▶ _Task_: From the line with "Femeie cu păr" to the line with "Na infografice przedstawiono", output every line below exactly, both ends included. Skip the pictures.

▶ _Supplied data_:
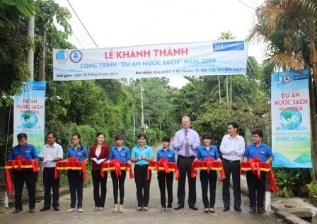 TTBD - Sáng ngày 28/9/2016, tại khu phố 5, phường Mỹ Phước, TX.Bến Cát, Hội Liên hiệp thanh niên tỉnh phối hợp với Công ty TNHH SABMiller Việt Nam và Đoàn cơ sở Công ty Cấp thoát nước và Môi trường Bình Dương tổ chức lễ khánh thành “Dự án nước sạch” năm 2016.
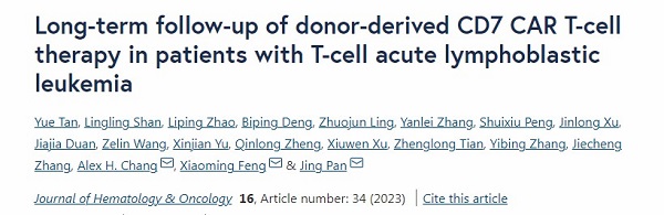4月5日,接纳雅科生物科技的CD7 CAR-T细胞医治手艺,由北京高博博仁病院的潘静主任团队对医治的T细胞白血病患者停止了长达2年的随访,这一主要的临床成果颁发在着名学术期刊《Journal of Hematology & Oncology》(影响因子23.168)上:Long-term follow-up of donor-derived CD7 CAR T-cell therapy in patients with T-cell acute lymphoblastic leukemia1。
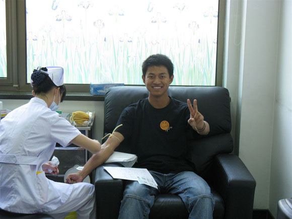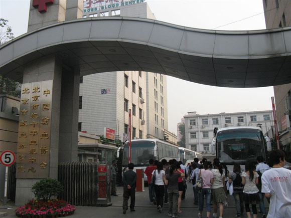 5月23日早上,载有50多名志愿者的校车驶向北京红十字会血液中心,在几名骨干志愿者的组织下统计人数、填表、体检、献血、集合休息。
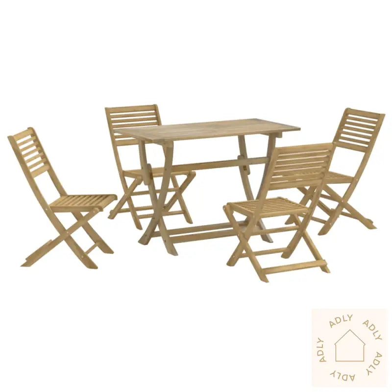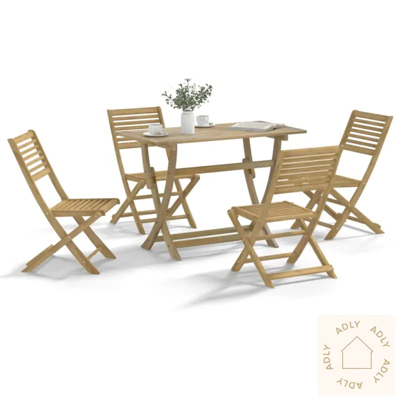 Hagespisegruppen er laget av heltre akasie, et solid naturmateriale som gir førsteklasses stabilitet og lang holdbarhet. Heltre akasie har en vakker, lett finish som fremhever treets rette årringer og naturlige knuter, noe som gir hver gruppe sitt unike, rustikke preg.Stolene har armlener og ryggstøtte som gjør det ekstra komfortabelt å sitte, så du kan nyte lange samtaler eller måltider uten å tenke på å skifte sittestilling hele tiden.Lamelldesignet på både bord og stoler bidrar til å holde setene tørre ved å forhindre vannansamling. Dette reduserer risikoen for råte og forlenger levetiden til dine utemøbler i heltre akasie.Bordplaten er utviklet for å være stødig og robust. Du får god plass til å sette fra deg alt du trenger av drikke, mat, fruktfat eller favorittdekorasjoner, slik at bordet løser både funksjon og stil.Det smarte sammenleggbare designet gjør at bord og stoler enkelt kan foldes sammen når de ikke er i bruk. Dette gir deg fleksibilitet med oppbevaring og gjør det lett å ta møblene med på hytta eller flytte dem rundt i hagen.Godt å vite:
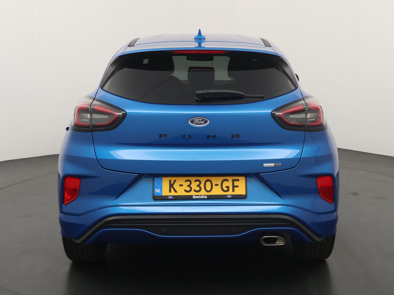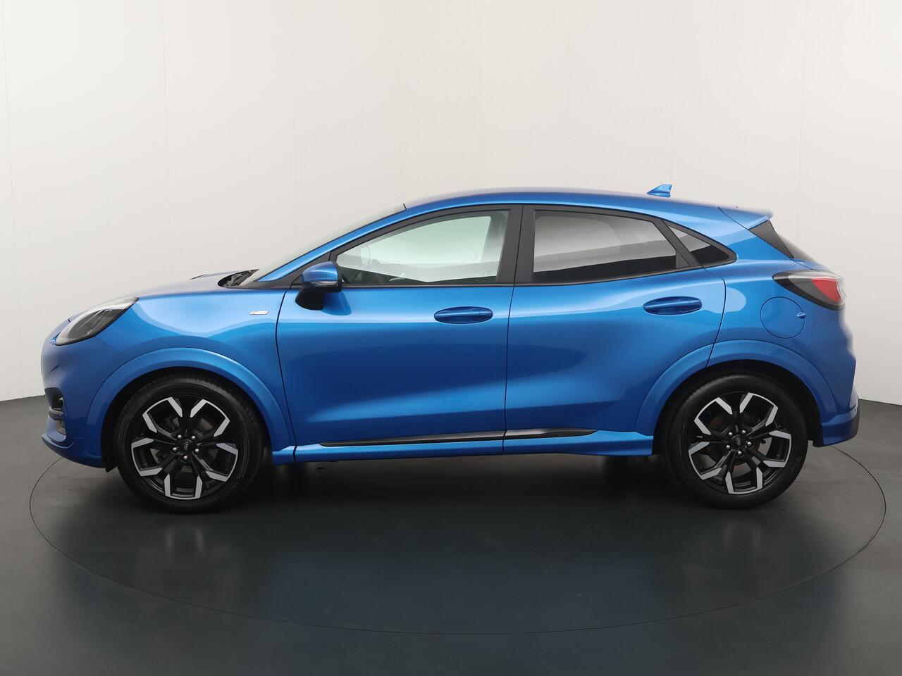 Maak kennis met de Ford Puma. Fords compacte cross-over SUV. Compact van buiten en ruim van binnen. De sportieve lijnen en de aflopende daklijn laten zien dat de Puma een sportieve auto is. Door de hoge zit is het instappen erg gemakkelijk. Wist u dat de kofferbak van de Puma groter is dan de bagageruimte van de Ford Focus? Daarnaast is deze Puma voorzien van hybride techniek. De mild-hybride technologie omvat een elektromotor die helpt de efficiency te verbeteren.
* * *
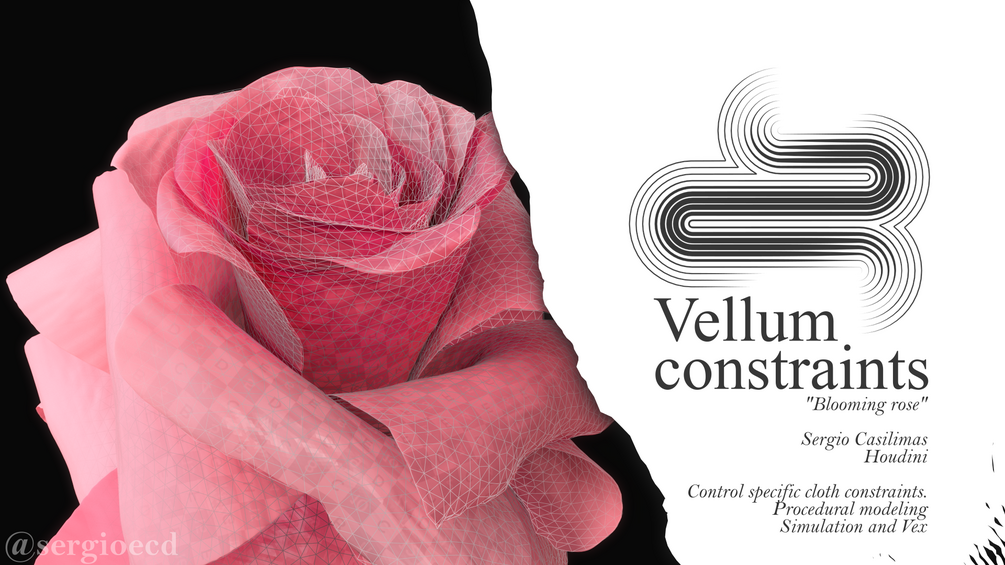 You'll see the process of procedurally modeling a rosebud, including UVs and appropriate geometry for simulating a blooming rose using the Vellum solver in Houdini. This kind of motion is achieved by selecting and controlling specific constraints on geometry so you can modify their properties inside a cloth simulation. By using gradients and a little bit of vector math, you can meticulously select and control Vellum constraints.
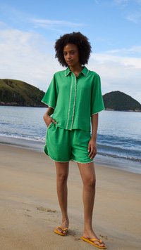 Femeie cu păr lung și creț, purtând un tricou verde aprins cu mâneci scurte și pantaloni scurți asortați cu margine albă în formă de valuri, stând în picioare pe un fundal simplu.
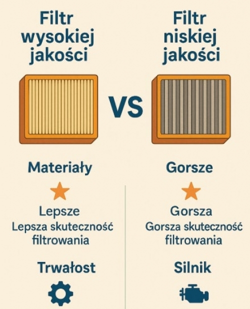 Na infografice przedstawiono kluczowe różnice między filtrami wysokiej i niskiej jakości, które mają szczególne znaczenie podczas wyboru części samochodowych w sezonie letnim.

▶ _Output of the exercise_:
 Femeie cu păr lung și creț, purtând un tricou verde aprins cu mâneci scurte și pantaloni scurți asortați cu margine albă în formă de valuri, stând în picioare pe un fundal simplu.
 Na infografice przedstawiono kluczowe różnice między filtrami wysokiej i niskiej jakości, które mają szczególne znaczenie podczas wyboru części samochodowych w sezonie letnim.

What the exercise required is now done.